### Assigned task
Within the lines below, the span from the line with "Không có gạch" to the line with "- Solar Christmas", both ends included, is to be reproduced exactly, with pictures omitted.

### Data in this exercise
******

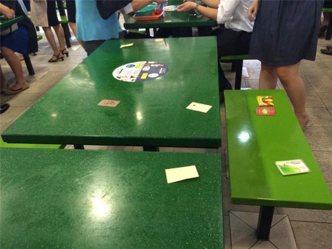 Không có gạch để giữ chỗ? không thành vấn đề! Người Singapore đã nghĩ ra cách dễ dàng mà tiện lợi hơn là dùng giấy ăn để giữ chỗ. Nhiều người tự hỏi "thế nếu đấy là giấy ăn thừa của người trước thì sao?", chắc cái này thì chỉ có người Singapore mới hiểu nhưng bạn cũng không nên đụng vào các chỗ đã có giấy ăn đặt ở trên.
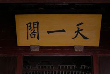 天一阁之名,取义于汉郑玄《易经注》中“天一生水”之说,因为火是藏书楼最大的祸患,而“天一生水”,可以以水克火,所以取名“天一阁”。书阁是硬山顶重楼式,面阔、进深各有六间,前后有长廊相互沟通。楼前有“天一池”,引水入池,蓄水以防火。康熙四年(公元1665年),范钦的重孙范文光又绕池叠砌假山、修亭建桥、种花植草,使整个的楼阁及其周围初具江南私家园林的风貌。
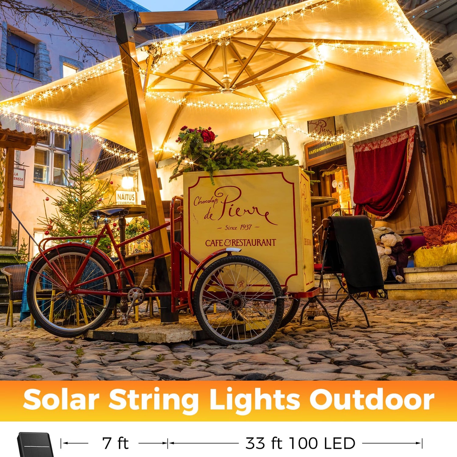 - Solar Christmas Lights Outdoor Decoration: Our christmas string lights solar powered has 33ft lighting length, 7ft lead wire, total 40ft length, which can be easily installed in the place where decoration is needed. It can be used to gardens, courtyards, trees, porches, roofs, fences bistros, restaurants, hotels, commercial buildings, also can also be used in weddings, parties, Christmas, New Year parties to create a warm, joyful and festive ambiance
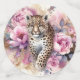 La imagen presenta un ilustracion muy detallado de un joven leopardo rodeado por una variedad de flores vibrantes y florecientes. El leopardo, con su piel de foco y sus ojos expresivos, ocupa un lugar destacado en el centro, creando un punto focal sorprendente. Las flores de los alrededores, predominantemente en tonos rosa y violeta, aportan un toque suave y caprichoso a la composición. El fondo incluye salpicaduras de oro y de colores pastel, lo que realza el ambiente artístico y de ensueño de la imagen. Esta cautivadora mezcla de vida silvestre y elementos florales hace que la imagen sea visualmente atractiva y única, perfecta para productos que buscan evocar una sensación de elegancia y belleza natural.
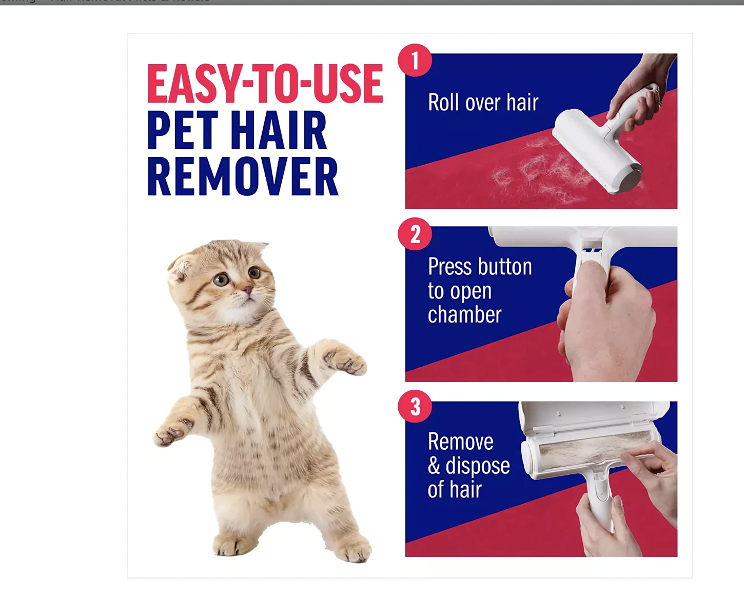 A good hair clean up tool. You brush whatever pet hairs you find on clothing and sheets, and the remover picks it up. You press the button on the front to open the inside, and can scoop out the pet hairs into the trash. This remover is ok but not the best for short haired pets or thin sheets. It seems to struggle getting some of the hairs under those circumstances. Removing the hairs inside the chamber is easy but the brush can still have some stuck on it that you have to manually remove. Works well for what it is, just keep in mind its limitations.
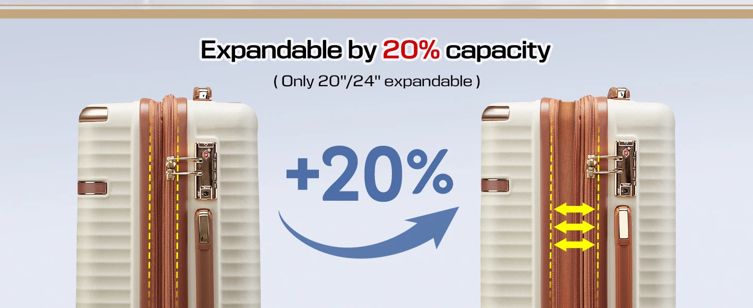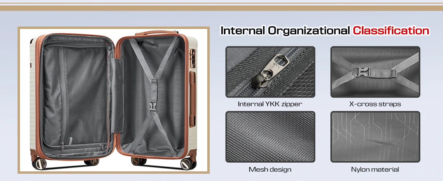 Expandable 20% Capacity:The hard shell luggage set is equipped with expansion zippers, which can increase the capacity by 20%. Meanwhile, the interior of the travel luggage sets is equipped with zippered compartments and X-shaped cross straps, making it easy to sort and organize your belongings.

******

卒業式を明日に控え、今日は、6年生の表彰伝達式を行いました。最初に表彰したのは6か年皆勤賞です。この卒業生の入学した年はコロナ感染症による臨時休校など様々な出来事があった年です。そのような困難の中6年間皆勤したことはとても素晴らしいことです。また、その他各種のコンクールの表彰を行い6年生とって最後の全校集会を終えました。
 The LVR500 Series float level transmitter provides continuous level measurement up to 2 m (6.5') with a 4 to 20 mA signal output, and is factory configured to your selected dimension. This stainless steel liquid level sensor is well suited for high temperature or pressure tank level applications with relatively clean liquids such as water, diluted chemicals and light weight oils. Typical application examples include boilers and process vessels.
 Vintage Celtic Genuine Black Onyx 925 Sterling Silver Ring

******

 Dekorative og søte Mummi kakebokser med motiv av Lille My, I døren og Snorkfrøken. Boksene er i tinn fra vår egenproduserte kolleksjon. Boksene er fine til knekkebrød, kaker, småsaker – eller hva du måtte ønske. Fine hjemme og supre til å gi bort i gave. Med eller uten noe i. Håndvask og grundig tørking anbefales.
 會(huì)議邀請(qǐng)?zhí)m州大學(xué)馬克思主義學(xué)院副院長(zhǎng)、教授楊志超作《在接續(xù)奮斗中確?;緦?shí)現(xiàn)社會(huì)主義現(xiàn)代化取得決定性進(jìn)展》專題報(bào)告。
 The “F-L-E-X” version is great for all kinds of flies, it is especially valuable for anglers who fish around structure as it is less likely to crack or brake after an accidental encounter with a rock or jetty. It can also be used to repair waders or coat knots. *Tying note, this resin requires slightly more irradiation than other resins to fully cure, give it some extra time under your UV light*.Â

******

### Reply
 Không có gạch để giữ chỗ? không thành vấn đề! Người Singapore đã nghĩ ra cách dễ dàng mà tiện lợi hơn là dùng giấy ăn để giữ chỗ. Nhiều người tự hỏi "thế nếu đấy là giấy ăn thừa của người trước thì sao?", chắc cái này thì chỉ có người Singapore mới hiểu nhưng bạn cũng không nên đụng vào các chỗ đã có giấy ăn đặt ở trên.
 天一阁之名,取义于汉郑玄《易经注》中“天一生水”之说,因为火是藏书楼最大的祸患,而“天一生水”,可以以水克火,所以取名“天一阁”。书阁是硬山顶重楼式,面阔、进深各有六间,前后有长廊相互沟通。楼前有“天一池”,引水入池,蓄水以防火。康熙四年(公元1665年),范钦的重孙范文光又绕池叠砌假山、修亭建桥、种花植草,使整个的楼阁及其周围初具江南私家园林的风貌。
 - Solar Christmas Lights Outdoor Decoration: Our christmas string lights solar powered has 33ft lighting length, 7ft lead wire, total 40ft length, which can be easily installed in the place where decoration is needed. It can be used to gardens, courtyards, trees, porches, roofs, fences bistros, restaurants, hotels, commercial buildings, also can also be used in weddings, parties, Christmas, New Year parties to create a warm, joyful and festive ambiance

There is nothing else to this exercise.